Но поскольку Пшенкин пользовался благорасположением писательского начальства (те хорошо знали, кого поддерживать, а кого з а д в и г а т ь; помогали прежде всего незаметным, их страшиться нечего, не конкуренты, а выдернешь из дерьма — руки будут лизать, да и устойчивое большинство на съезде, любых интеллектуальщиков задушат, истинный голос народа), он получил новую квартиру в том доме, куда заселяли литераторов, чтоб были под надзором; когда все скопом, легче толкать лбами и получать информацию: любые перевыборы, гарантирующие руководящим литкорифеям сохранение их «Волг», дач, премий, переизданий, хвалу наемной критики, надо готовить загодя, знать настроения каждого и, соответственно, с каждым р а б о т а т ь. А уж работать — умели, ух как умели! Кого поднять на щит («соловей русской поэзии! », а этот «соловей» хуже воробья); кого ударить пыльным мешком по голове: «далек от чаяний народа», но потом — в знак примирения — отправить в Монголию или Чехословакию, у монголов кожаные пальто дешевые, в Праге люстру можно в з я т ь, да и красный загранпаспорт есть высшее свидетельство благонадежности: «смотри, т о в а р и щ, не подведи, родина тебе верит»… Так, разделяя и властвуя, создав обойму дутых гениев, «Баянов отечественной словесности», жили сами, да и покорным середнякам не мешали, не считая, конечно, таких досадных эпизодов, как предательство власовского недобитка Солженицына, сионистского наймита Виктора Некрасова или злобного клеветника Василия Гроссмана, — но с теми решал в е р х, «Баяны» лишь оформляли через «Литературную газету» гнев общественности…

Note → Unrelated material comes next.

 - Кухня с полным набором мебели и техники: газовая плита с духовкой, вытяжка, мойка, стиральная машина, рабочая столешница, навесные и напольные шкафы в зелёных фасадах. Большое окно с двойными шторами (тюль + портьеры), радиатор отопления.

Могучий директор ведущего военного издательства (постоянно держал руку на пульсе передряжьей писательской жизни, ибо надо было пополнять группу в е р н ы х людей, которые могли бы сочинить за какого-нибудь генерала мемуары, угодные основополагающему направлению, спущенному начальством для военной истории) получил информацию и о Пшенкине. Поскольку «стервятники» (так он с лаской называл членов его постоянной группы «переписчиков») были при деле, загружены сверх головы, деньги гребли лопатой, переиначивая в нужном русле смысл наговоренного на диктофоны военачальниками, Пшенкин показался ему кандидатурой вполне приемлемой для использования: лишенный хоть какой-либо индивидуальности, этот сочинитель как раз и годился для мемуаристики: за строками воспоминаний не виделось слово мастера, все гладко, никаких неожиданностей…

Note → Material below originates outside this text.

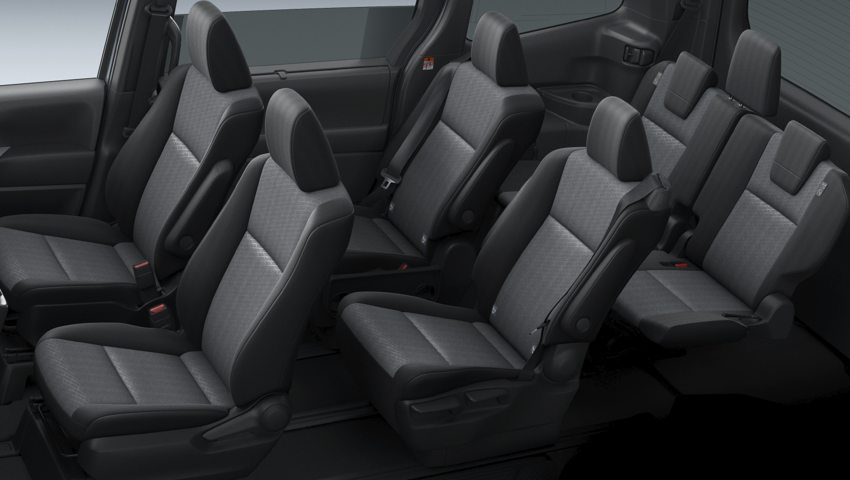 広々とした室内空間と使いやすいシートアレンジで、家族やグループの移動に最適。

С Пшенкиным поработали еще пару месяцев, пригласили в застолье, где собирались литературные «авторитеты», пообещали договор на новую книгу, съездили к его родственникам — не таит или в себе ненароком семена «малой нации» — и после всесторонней проверки пригласили в золотопогонный кабинет, отделанный, как и следует быть, мореным дубом, где и заключили договор на «спецредактирование».
Встретился с тем генералом, за которого надо было написать фолиант, получил от него в подарок диктофон и наговоренные пленки, сел за работу, управился быстро, сдал в печать… Тут же подкинули второго в о с п о м и н а т е л я: обработал и этого. Встречаясь порою с «авторами», с теми то есть, чья фамилия будет стоять на обложке будущей книги, Пшенкин запоминал многое из того, что д е д ы говорили за рюмашкой; часто это было в противовес тому, что ему предписывали готовить для читателя. И когда Пшенкин сел за третий том, решил блеснуть — жахнул в нескольких местах неправленую п р а в д у, то, что ему говорил очередной генерал, пригласив на дачу, подальше от чужих ушей.
После этого договор с Пшенкиным не то чтобы расторгли, но заволынили, записи отдали другому, и он снова обрушился в тяжелое, безысходное пьянство, но теперь уж в новом качестве: он жил не только былинными мифами, что закладывали в него те, которые исподволь готовили таких, как он, к черновой (но высокооплачиваемой) литературнозаписной работе, но и высверками неожиданной, пугающей правды, которыми поделились старцы.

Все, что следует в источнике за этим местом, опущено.